Currently, photographers can register an unlimited number of images in a single registration application through the unpublished collection procedure or through the pilot program for registering groups of published photographs online. Starting February 20, 2018, there will be a limit of 750 images per registration, whether it is a group of published images or unpublished images. 

As the notice explains, "Currently applicants may submit an unlimited number of
photographs if they register their works as an unpublished collection, or if they
use the pilot program for published photographs." However, the pilot program for published photographs will end. Further, the Copyright Office will no longer grant registrations to photographers who attempt to register a group of unpublished photographs as an "unpublished collection". Paper registrations of groups of published and unpublished photos will also end. The existing rules will be replaced by the Group Registration of Published Photographs, as well as the Group Registration for Unpublished Photographs. Both will have a limit of 750 images per registration. The copyright office intends to issue tutorials for the new registration process.

The Copyright Office charges $55 for online registration. Because the registration will be limited to 750 images, photographers with a large number of images will pay more for multiple registrations rather than the one fee for an unlimited number of images. 

The 750-image limit was strongly opposed in a joint response to the Copyright Office by The American Photographic Artists (APA), American Society of Media Photographers (ASMP), Digital Media Licensing Association (DMLA), Graphic Artists Guild (GAG), North American Nature Photography Association (NANPA), National Press Photographers Association (NPPA), Professional Photographers of America (PPA) and the PLUS Coalition (PLUS). Their response was joined by Shaftel & Schmelzer, and Doniger/Burroughs. These groups are now warning their members about the changes, and the deadline for those who want to take advantage of registration under the old rules.

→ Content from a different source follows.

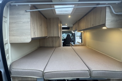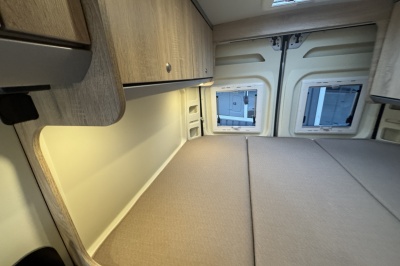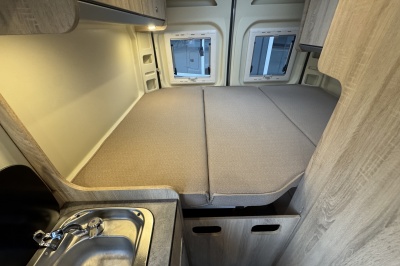 Achterin een groot twee persoons dwarsbed met een gemakkelijke instap en een grote garage / opbergruimte onder het bed.

The Copyright Office said in reviewing the rule, it had evaluated the time required to process group registration applications. The office concluded it takes 15-30 minutes for an examiner to process a group registration with less than 750 images, but it can be as much as four times that long to process a registration with more than 750 images. The final rule described many technological issues with the online registration system that contribute to the time increase, including a need to open each individual photograph separately if they are not uploaded as a .ZIP file. There are also problems with the character limit in the registration system and inadequate information in the applications. The Copyright Office also cited the burden on the registration system as a whole caused by the uploading of thousands of photographs in a single registration. 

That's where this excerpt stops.